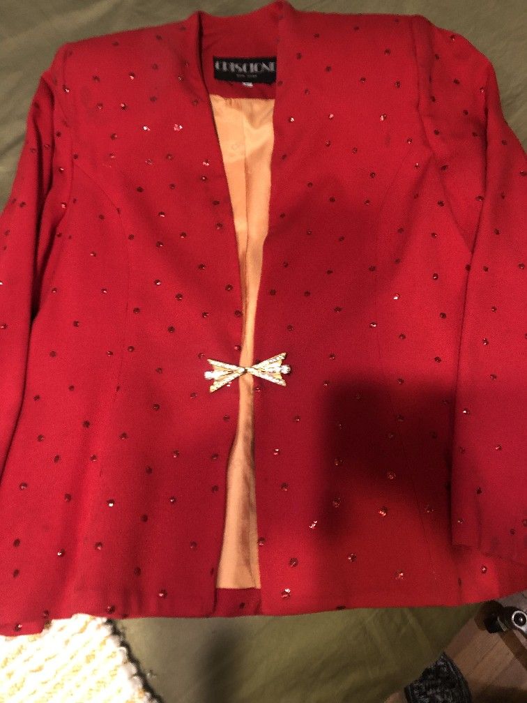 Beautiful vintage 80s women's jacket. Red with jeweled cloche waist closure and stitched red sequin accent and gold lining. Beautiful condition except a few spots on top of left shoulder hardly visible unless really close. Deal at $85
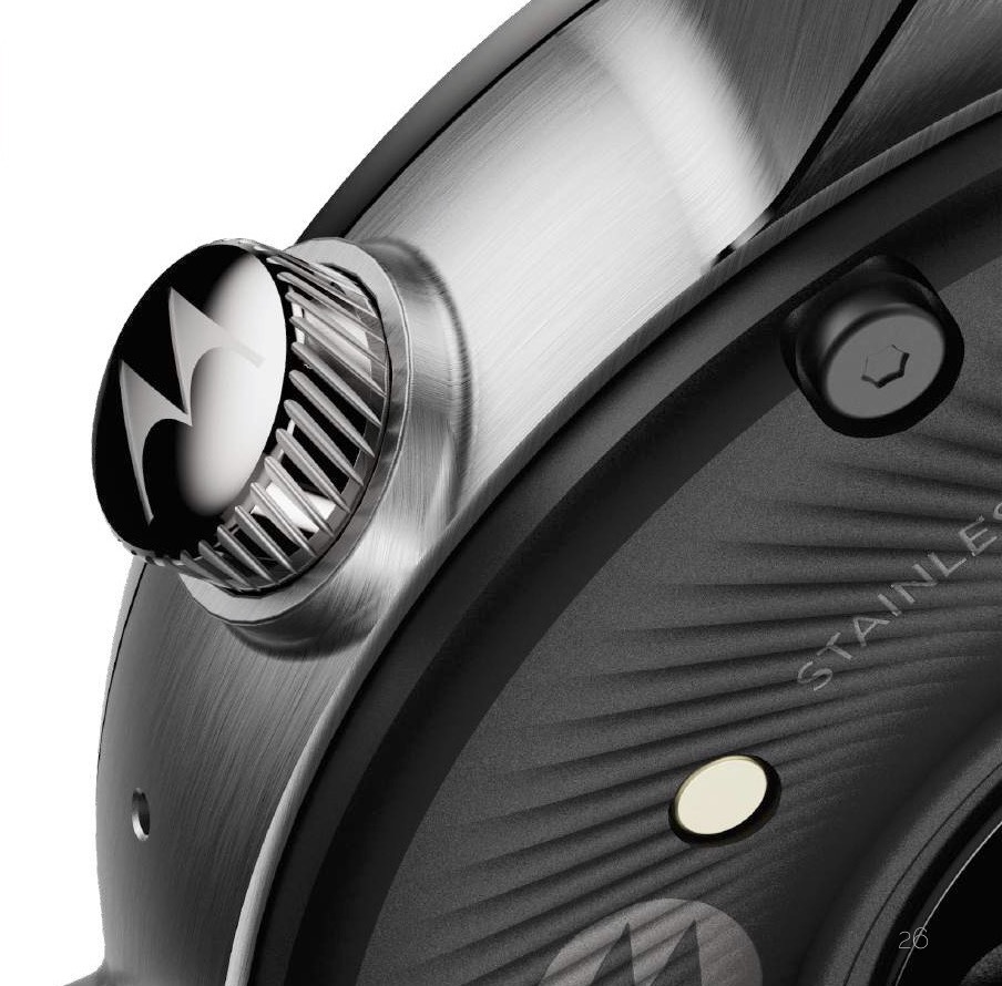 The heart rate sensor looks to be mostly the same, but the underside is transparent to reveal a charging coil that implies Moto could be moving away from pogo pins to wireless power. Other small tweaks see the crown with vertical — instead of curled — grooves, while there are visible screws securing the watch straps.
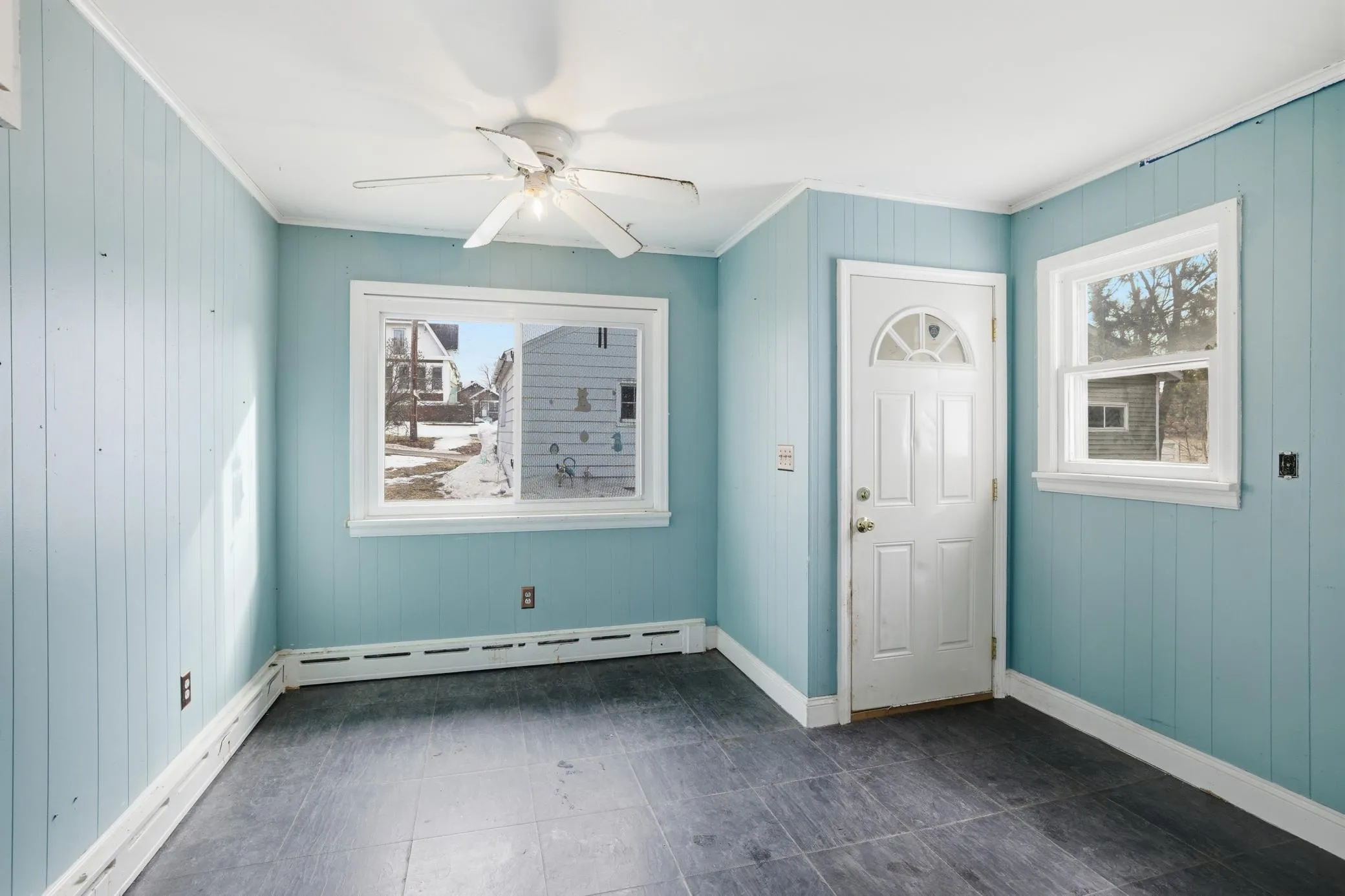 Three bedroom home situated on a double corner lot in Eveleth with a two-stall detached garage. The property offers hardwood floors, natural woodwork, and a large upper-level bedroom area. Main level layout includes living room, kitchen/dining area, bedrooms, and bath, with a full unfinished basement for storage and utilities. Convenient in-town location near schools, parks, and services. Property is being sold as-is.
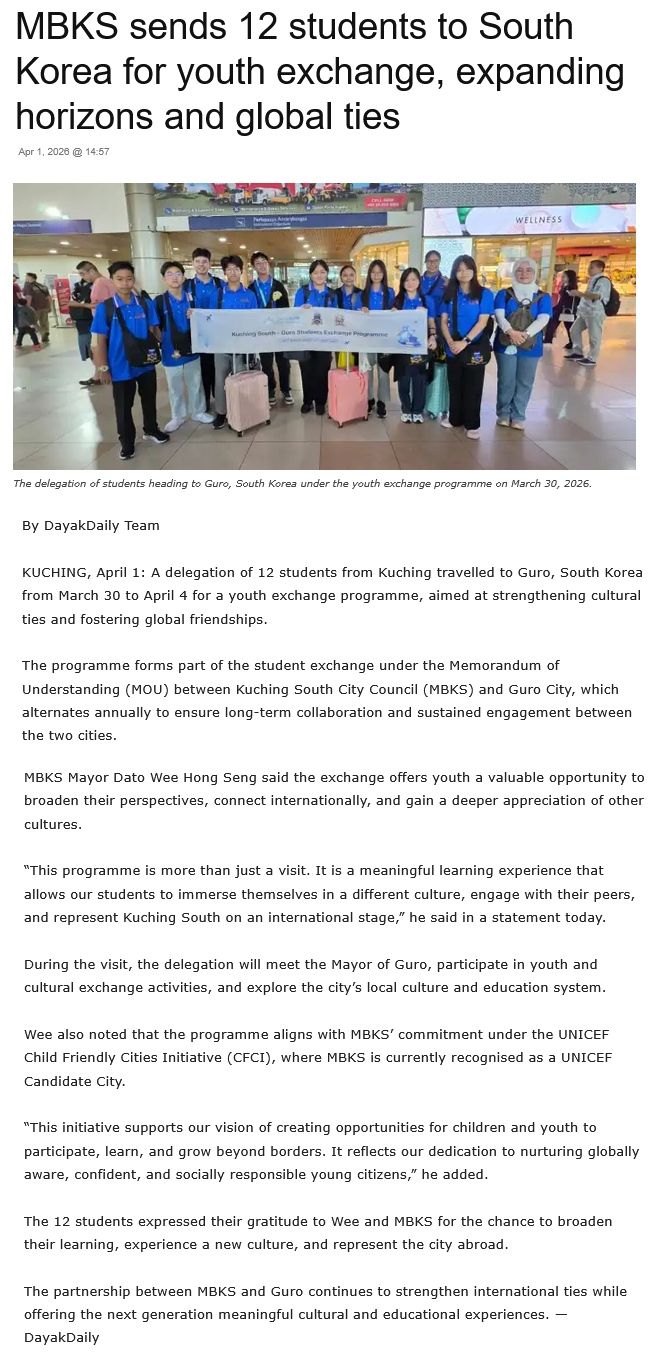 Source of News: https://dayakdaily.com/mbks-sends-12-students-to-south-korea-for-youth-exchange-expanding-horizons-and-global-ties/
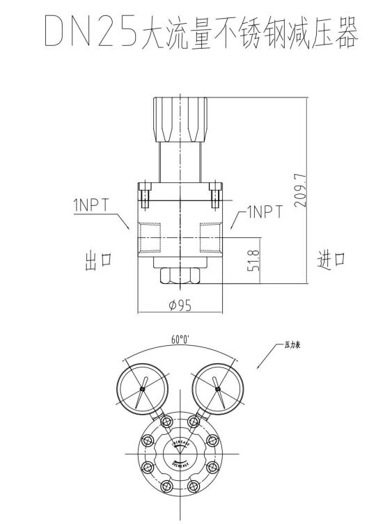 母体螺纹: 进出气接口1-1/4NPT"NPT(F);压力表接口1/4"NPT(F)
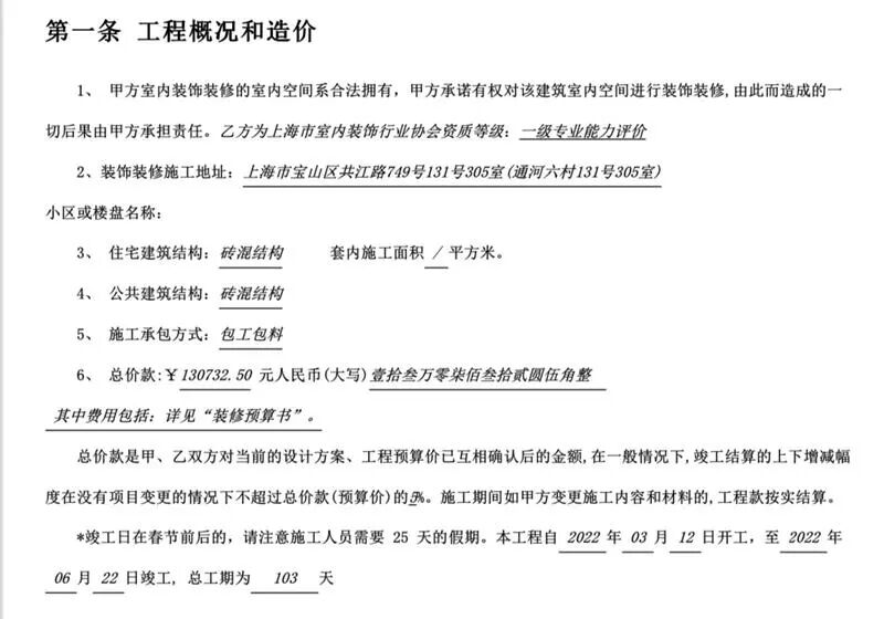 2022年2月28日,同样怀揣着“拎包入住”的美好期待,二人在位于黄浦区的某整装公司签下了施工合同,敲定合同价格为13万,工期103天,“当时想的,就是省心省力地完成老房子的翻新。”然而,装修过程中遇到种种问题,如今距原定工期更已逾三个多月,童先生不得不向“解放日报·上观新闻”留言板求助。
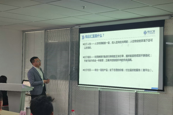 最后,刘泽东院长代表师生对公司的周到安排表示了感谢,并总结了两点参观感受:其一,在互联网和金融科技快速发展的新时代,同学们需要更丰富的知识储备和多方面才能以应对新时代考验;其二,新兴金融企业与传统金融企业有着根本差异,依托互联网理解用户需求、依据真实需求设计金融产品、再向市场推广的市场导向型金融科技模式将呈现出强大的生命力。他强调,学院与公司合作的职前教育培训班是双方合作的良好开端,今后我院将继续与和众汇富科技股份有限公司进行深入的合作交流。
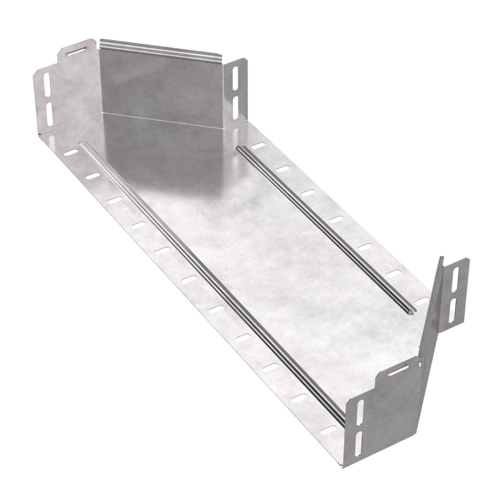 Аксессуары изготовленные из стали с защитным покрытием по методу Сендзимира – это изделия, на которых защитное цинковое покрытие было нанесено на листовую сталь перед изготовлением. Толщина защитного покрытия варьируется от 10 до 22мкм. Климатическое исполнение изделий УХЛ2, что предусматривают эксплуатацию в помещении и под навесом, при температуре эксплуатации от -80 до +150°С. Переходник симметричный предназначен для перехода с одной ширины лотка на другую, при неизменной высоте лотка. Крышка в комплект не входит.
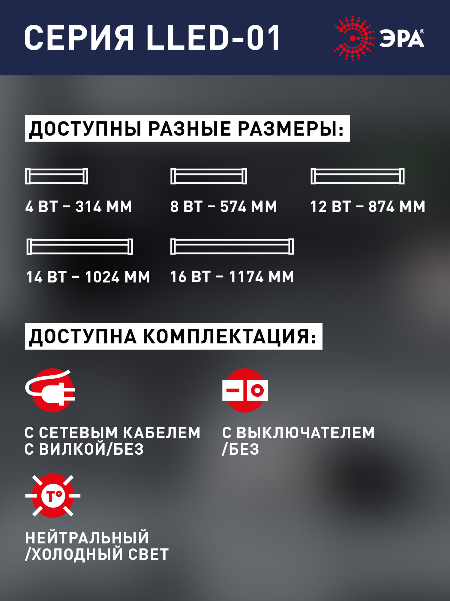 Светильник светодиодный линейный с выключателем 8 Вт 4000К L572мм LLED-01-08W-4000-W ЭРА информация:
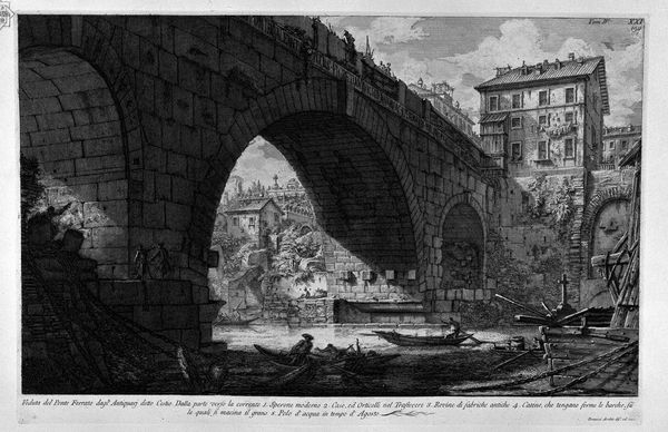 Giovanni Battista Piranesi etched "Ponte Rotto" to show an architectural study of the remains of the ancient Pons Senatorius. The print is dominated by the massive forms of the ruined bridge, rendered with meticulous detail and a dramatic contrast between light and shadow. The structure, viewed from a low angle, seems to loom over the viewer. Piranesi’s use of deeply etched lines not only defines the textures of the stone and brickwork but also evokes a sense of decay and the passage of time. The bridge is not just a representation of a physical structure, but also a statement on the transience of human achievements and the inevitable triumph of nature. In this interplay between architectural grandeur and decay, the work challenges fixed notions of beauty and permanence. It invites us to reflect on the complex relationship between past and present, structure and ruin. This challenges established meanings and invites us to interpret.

YOUR TASK =
Once the line containing "Светильник светодиодный линейный" is found in the records above, it and every line after it up to the last must be repeated exactly, without pictures.

RESPONSE =
 Светильник светодиодный линейный с выключателем 8 Вт 4000К L572мм LLED-01-08W-4000-W ЭРА информация:
 Giovanni Battista Piranesi etched "Ponte Rotto" to show an architectural study of the remains of the ancient Pons Senatorius. The print is dominated by the massive forms of the ruined bridge, rendered with meticulous detail and a dramatic contrast between light and shadow. The structure, viewed from a low angle, seems to loom over the viewer. Piranesi’s use of deeply etched lines not only defines the textures of the stone and brickwork but also evokes a sense of decay and the passage of time. The bridge is not just a representation of a physical structure, but also a statement on the transience of human achievements and the inevitable triumph of nature. In this interplay between architectural grandeur and decay, the work challenges fixed notions of beauty and permanence. It invites us to reflect on the complex relationship between past and present, structure and ruin. This challenges established meanings and invites us to interpret.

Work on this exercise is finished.